The image field 8 has an x-extension of twice 13 mm and a y-extension of 1 mm. The projection optics 33 is optimized for an operating wavelength of the illumination light 3 of 13.5 nm.

A boundary of a diaphragm surface of the diaphragm (see also Table 6 for Fig. 32) results from puncture points on the diaphragm surface of all beams of the illumination light 3, the image side propagate at the field center point with a full image-side telecentric aperture in the direction of the diaphragm surface. When the aperture is designed as an aperture diaphragm, the boundary is an inner boundary.

The diaphragm AS can lie in one plane or can also be embodied in three dimensions. The extent of the diaphragm AS can be smaller in the scanning direction (y) than in the cross-scanning direction (x).

A length of the projection optics 33 in the z-direction, that is, a distance between the object plane 5 and the image plane 9, is about 2500 mm.
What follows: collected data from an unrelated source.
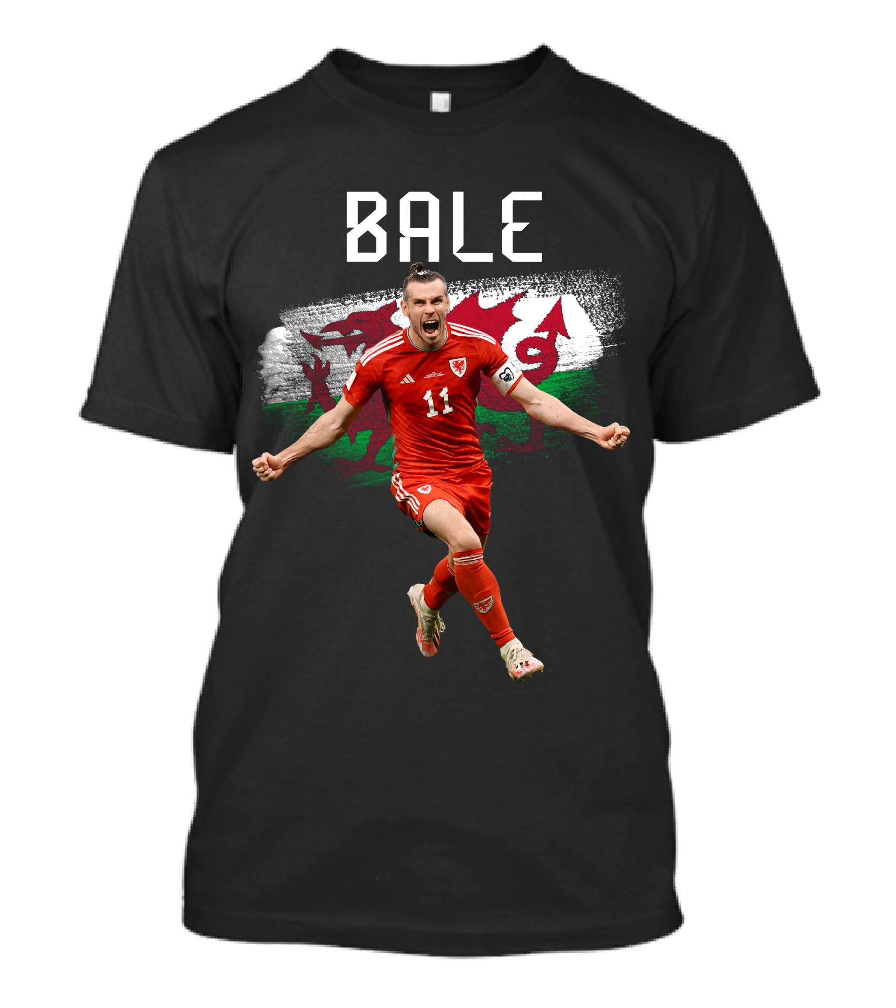 The Gareth Bale Wales Number 11 Red Jersey Dragon T-shirt is designed for everyday wear and a consistent fit. Fabric is pre-shrunk ring-spun cotton with durable stitching. See the size chart below for exact measurements.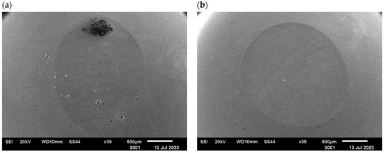 The analysis of the surface of the counter-samples (balls) confirmed the presence of typical abrasion marks; however, no surface cracks were found. The performed tests showed that in the contact area of the sample/counter-sample during tribological testing, the phenomenon of sample material deposition on the surface of the counter-sample occurs; see Figure 20. This confirms the possibility of the steel “sticking” to the surface of the drawing dies during the drawing process.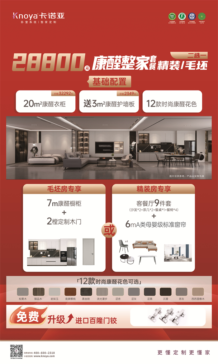卡諾亞28800元康醛整家套餐,針對(duì)毛坯房精準(zhǔn)推出20㎡康醛定制柜+3㎡康醛背景墻+7米康醛廚柜+2樘定制木門;針對(duì)精裝房精準(zhǔn)推出20㎡康醛定制柜+3㎡康醛背景墻+全屋客餐廳9件套+6米A類母嬰級(jí)環(huán)保窗簾。本套餐定制柜及背景墻,均可選十余款康醛時(shí)尚花色,可免費(fèi)升級(jí)進(jìn)口百隆門鉸。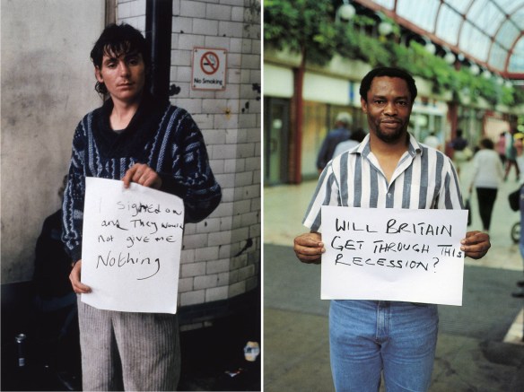 Signs that say what you want them to say and not signs that say what someone else wants you to say (I signed on and they would not give me nothing) and (Will Britain get through this recession), 1992-3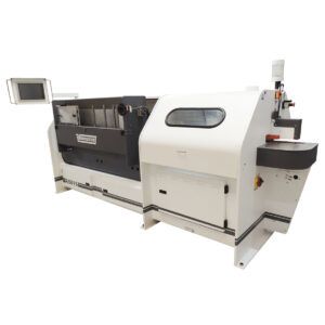 The Voorwood A5615 Automatic Double-Side Cope & Stick Shaper will process stiles and rails without operator input. RAIL PROCESSING: Substrates are hopper-fed random length parts. The machine automatically measures the rail substrate and selects the desired finished length without any operator input or downloaded cut list. The rail is placed in the dual timed cartridges with self-locating backer blocks that eliminate blowout for cope shaping, processes both cope cuts at the same time, and ensures a square part sized to the desired length. The rail is placed on a conveyor in the back of the machine after the cope shaping process and redirected 90 degrees. The power feeder aligns part into next stage to stick cut the rail, size to width, and automatically insert space balls.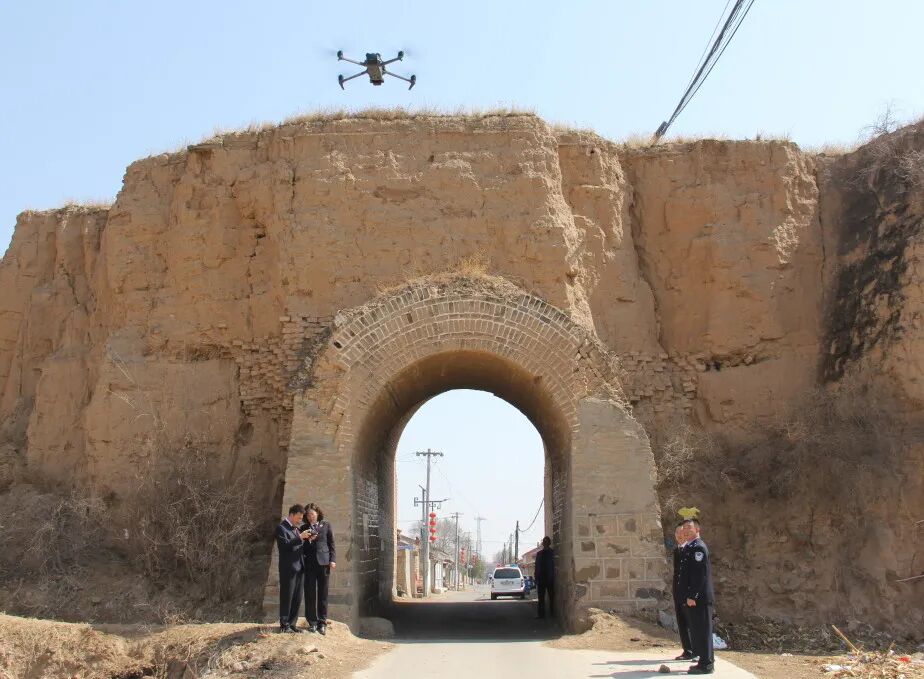 怀安县检察院由主管副检察长带队,采取“检察官+法警+技术人员”为一体的办案模式,在当地长城巡护员的引领下,与县文旅局工作人员共同踏查了西洋河村段明长城保护现状、沿边生态环境和资源保护现状,并运用无人机进行实地勘察、现场拍摄、收集线索、固定证据。经查,现长城保护标志石碑位置距离明长城太近,西洋河村城门(属长城卫城)年久失修,存在裂缝、城砖脱落、人为喷涂广告等问题。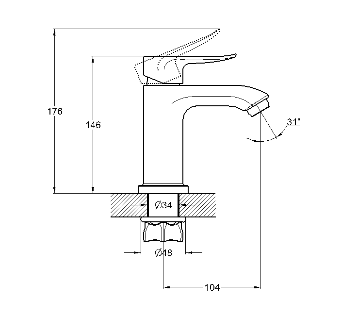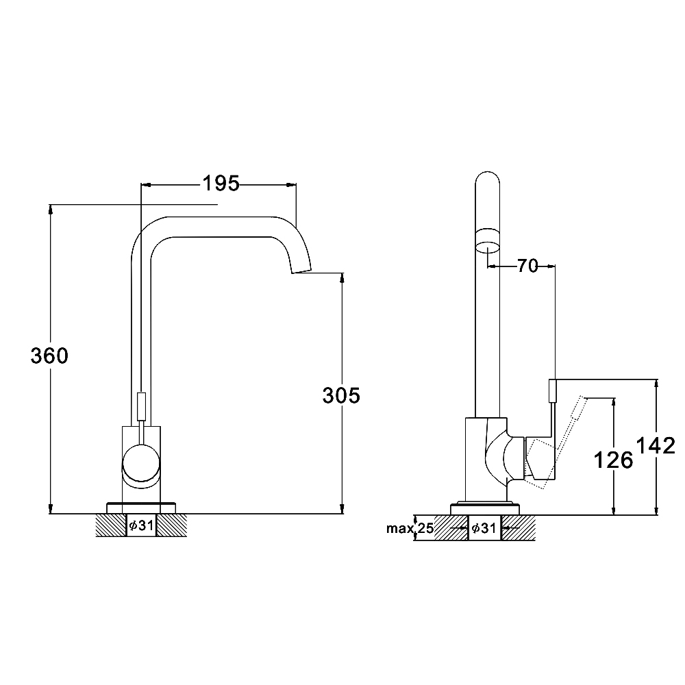 Боковая ручка, излив высокий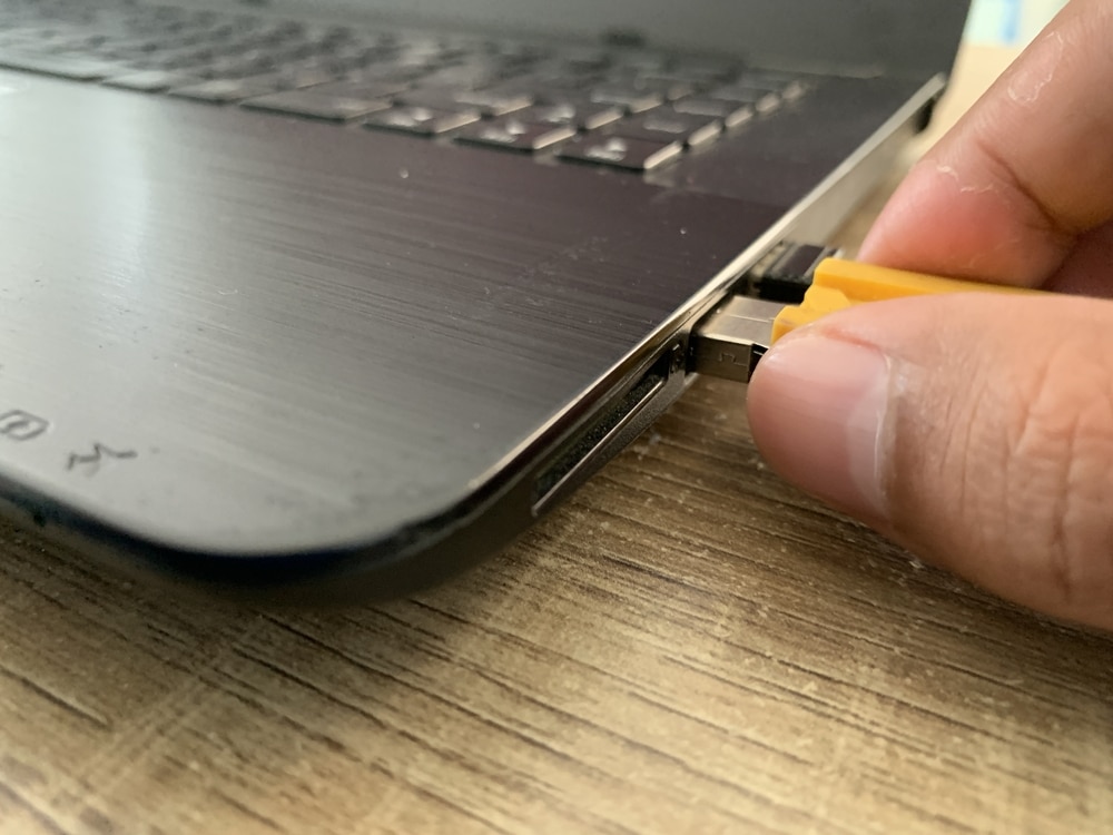 Tyler retrieved the dusty laptop from the closet and placed it on the table. Before inserting the drive, he disconnected the computer from the internet.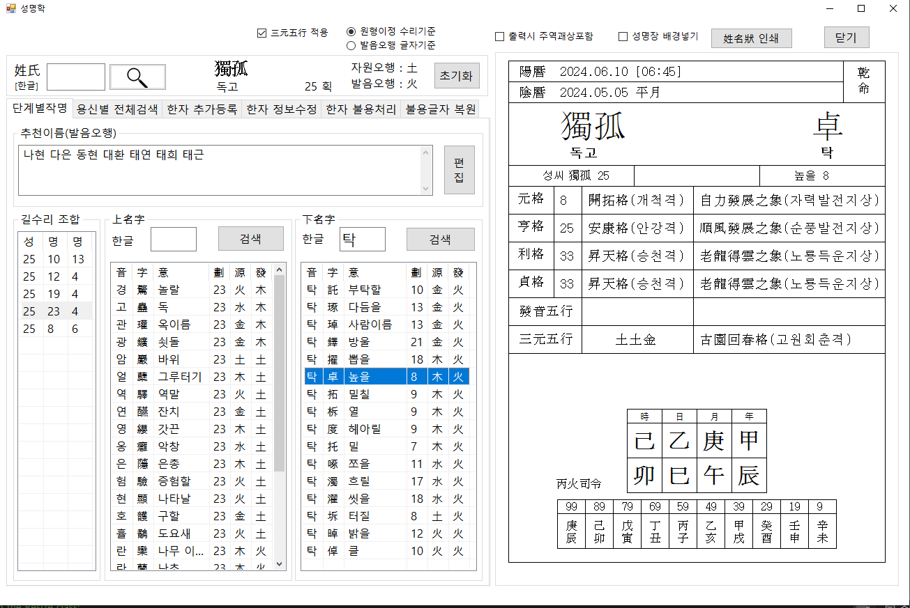 프로그램에 포함된 성명학에 대해 여러 번 소개 했습니다만 가끔 문의가 있어서 자세히 남깁니다.

A pupil obscuration in projection optics 33 is 15% of the total aperture of the entrance pupil. Less than 15% of the numerical aperture are therefore obscured due to the passage opening 17. The construction of the obscurant boundary takes place analogously to the construction of the diaphragm boundary explained above in connection with the diaphragm 18. When executed as Obskurationsbrende it is at the boundary to an outer boundary of the aperture. In a system pupil of the projection optics 33, an area that can not be illuminated due to the obscuration is less than 0.15 ^{2 of} the area of the entire system pupil. The unilluminated area within the system pupil may have a different extent in the x-direction than in the y-direction. The unilluminated area in the system pupil may be round, elliptical be table, square or rectangular. This non-illuminable area in the system pupil may also be decentered with respect to a center of the system pupil in the x-direction and / or in the y-direction. A y-distance dois (object-to-image offset) between a central object field point and a central image field point is about 1100 mm. A working distance between the mirror M5 and the image plane 9 is 90 mm.

The mirrors of the projection optics 33 can be accommodated in a cuboid with the xyz edge lengths 913 mm × 1418 mm × 1984 mm.

The projection optics 33 is approximately telecentric on the image side.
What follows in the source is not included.